Bailique, lugar de fenômenos e problemas, mas também de resistência dos moradores
Erosão das margens dos rios, conhecida como terras caídas; salinização das águas, que dificulta acesso à água potável/; arquipélago é formado por ilhas estuarinas onde vivem cerca de 13 mil pessoas, integradas à dinâmica da floresta de várzea

Evandro Luiz
Da Redação
O Arquipélago do Bailique é um conjunto de oito ilhas localizado acerca de 160 quilômetros de Macapá, capital do Amapá. O acesso à região é feito exclusivamente por via fluvial, pelo rio Amazonas.
As ilhas que compõem o arquipélago são: Bailique, Brigue, Curuá, Faustino, Franco, Igarapé do Meio, Marinheiro e Parazinho. Aproximadamente 40 comunidades vivem no local, somando mais de sete mil habitantes.
A população do Bailique enfrenta dois fenômenos distintos. O primeiro é a erosão das margens dos rios, conhecida como terras caídas.

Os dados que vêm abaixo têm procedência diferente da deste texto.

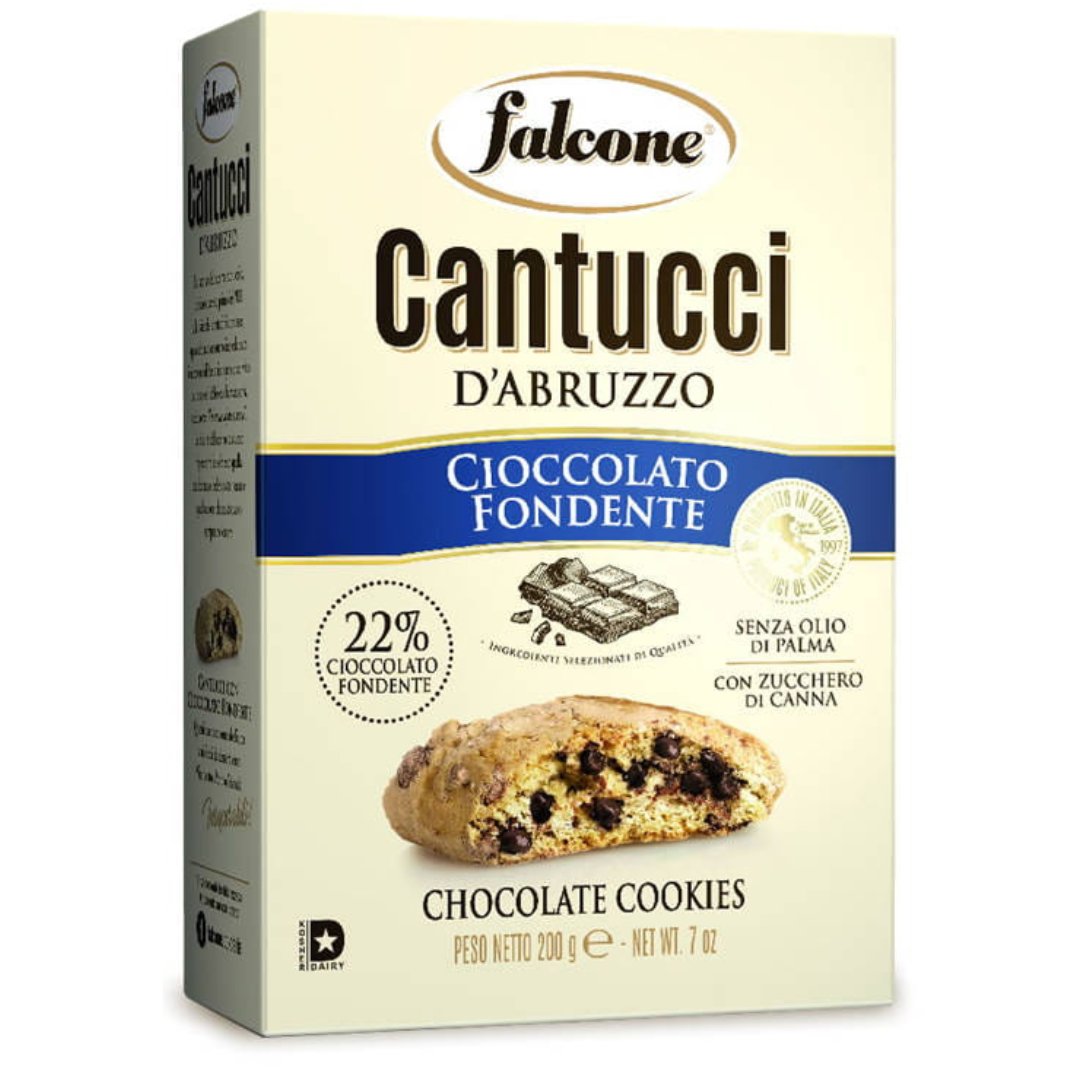 Cantucci d’Abruzzo od Falcone to tradycyjne włoskie, chrupiące ciasteczka wzbogacone kawałkami gorzkiej czekolady. Wyraziste i aromatyczne, idealne na słodką chwilę w ciągu dnia.
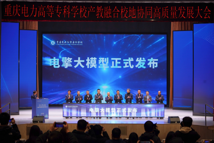 随后,大会发布重庆电力高等专科学校打造的“电擎大模型”。该模型集AI助教、助学、助研、助管、助训、助评、助国际交流七大核心能力于一体。在教学、学习、科研、管理、实训、培训、评估及国际交流等关键环节,为师生提供精准高效、个性化的智能支持;同时深化产教融合,为电力企业定制开发专属培训模块,助力电力产业工人能力提升。
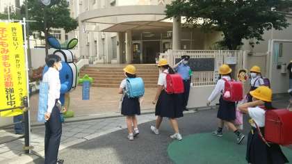 6月1日(月)に新聞等で報道もありましたが、交通安全のモデル校として交通安全指導に重点を置いた取り組みを行っています。例年、年度初めに来校いただいて、1年生と2年生を対象に交通安全教室を開催するのですが、今年は新型コロナウィルス感染症の関係で学校に出向いての指導が困難な状況です。しかしながら、今回、西警察署の交通安全課にご相談させていただき、今までとは違う形で、7月15日(水)の6校時と下校時に交通安全指導を行っていただくことになりました。西警察署と共に大阪府警本部、大阪府交通安全協会にもご協力・ご来校いただきます。当日、在宅の保護者のみなさまは時間になりましたら、玄関先や近くの通学路まで出ていただき、子どもたちを見守り、迎えてあげてほしいと思います。
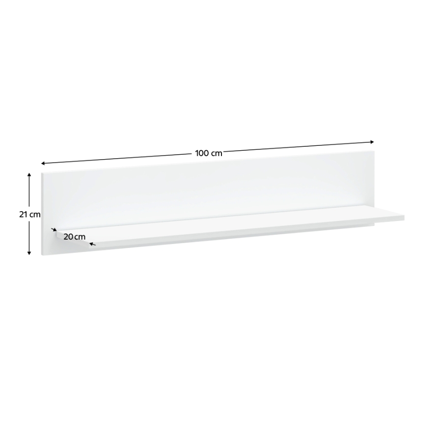 Anyag: laminált DTD Szín: fehér Méretek (SzxMéxMa): 100x20x21 cm Anyag vastagsága: 1,6 cm ABS élek Modern dizájn Nyitott tárhely Bontásban szállítva

O segundo é a salinização das águas, que dificulta o acesso à água potável na região.
Encravado na foz do rio Amazonas, no Amapá, à margem do oceano Atlântico, o arquipélago é formado por ilhas estuarinas onde vivem cerca de 13 mil pessoas, integradas à dinâmica da floresta de várzea.

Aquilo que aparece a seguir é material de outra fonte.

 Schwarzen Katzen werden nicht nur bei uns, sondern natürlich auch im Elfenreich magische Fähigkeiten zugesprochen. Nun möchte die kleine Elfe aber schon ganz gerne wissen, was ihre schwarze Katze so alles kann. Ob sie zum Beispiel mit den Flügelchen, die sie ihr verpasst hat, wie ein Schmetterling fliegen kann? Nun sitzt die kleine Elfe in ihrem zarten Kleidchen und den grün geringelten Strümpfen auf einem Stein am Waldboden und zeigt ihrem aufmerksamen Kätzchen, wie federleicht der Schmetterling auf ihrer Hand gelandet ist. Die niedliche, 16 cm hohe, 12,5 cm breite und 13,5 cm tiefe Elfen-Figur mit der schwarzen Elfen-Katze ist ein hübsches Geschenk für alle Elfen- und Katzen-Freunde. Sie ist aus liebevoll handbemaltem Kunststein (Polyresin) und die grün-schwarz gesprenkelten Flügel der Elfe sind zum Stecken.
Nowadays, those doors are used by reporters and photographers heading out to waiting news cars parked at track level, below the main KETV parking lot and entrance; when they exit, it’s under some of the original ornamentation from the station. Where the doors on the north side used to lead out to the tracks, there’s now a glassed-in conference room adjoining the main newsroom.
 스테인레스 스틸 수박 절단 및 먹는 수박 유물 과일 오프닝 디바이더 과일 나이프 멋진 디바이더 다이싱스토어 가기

No entanto, o equilíbrio estabelecido por essas comunidades com o meio ambiente — baseado na pesca artesanal e no manejo sustentável do açaí — vem sofrendo abalos profundos devido ao avanço da erosão e dos desbarrancamentos, que ocorrem de forma progressiva.
Conhecida localmente como fenômeno das Terras Caídas, a destruição já atinge casas, escolas, redes elétricas, estações de tratamento de água e ameaça a sobrevivência das populações ribeirinhas e do ecossistema ocupado desde o século XIX.
Em 2013, um marco agravou ainda mais a situação: a pororoca do rio Araguari, cuja foz fica ao norte do arquipélago, deixou de existir. O fenômeno, caracterizado pelo choque intenso entre as águas do rio e do mar, não ocorre mais desde então.
A desembocadura do rio Araguari entrou em processo avançado de fechamento devido ao assoreamento, e a perda de vazão fez com que a pororoca, considerada uma das maiores do mundo, chegasse ao fim.
Os impactos são visíveis no cotidiano da população. A Escola Bosque, única do Bailique a oferecer ensino médio, perdeu espaço e teve q’uase metade de sua área destruída.
A instituição é considerada um modelo inovador de educação na floresta, utilizando a natureza como base para o desenvolvimento dos conteúdos em sala de aula. Outras duas escolas do arquipélago também correm risco de desabamento.
A falta de energia elétrica é outro problema grave. “Se tivermos dez dias de energia por mês, é muito. Os postes caem com a erosão, e a empresa responsável tem poucos funcionários para reinstalar. Sem luz, os moradores não conseguem mais conservar o peixe e o açaí”, relata um morador.
A diminuição da vazão do rio Araguari começou com a construção da Usina Hidrelétrica Coaracy Nunes, em 1976, a primeira a produzir energia elétrica na Amazônia. Com a implantação da Usina de Ferreira Gomes, em 2014, a vazão foi ainda mais reduzida, comprometendo a retirada de sedimentos. Três anos depois, a construção da Usina Cachoeira Caldeirão, em 2017, intensificou o processo.
Inconformado com a situação de abandono, um morador afirma que o mar passou a entrar no arquipélago pelo rio Marinheiro, levando água salgada às comunidades do sul. “O sistema de tratamento não consegue abastecer toda a população, e o governo diz que não tem recursos para ampliar”, relata.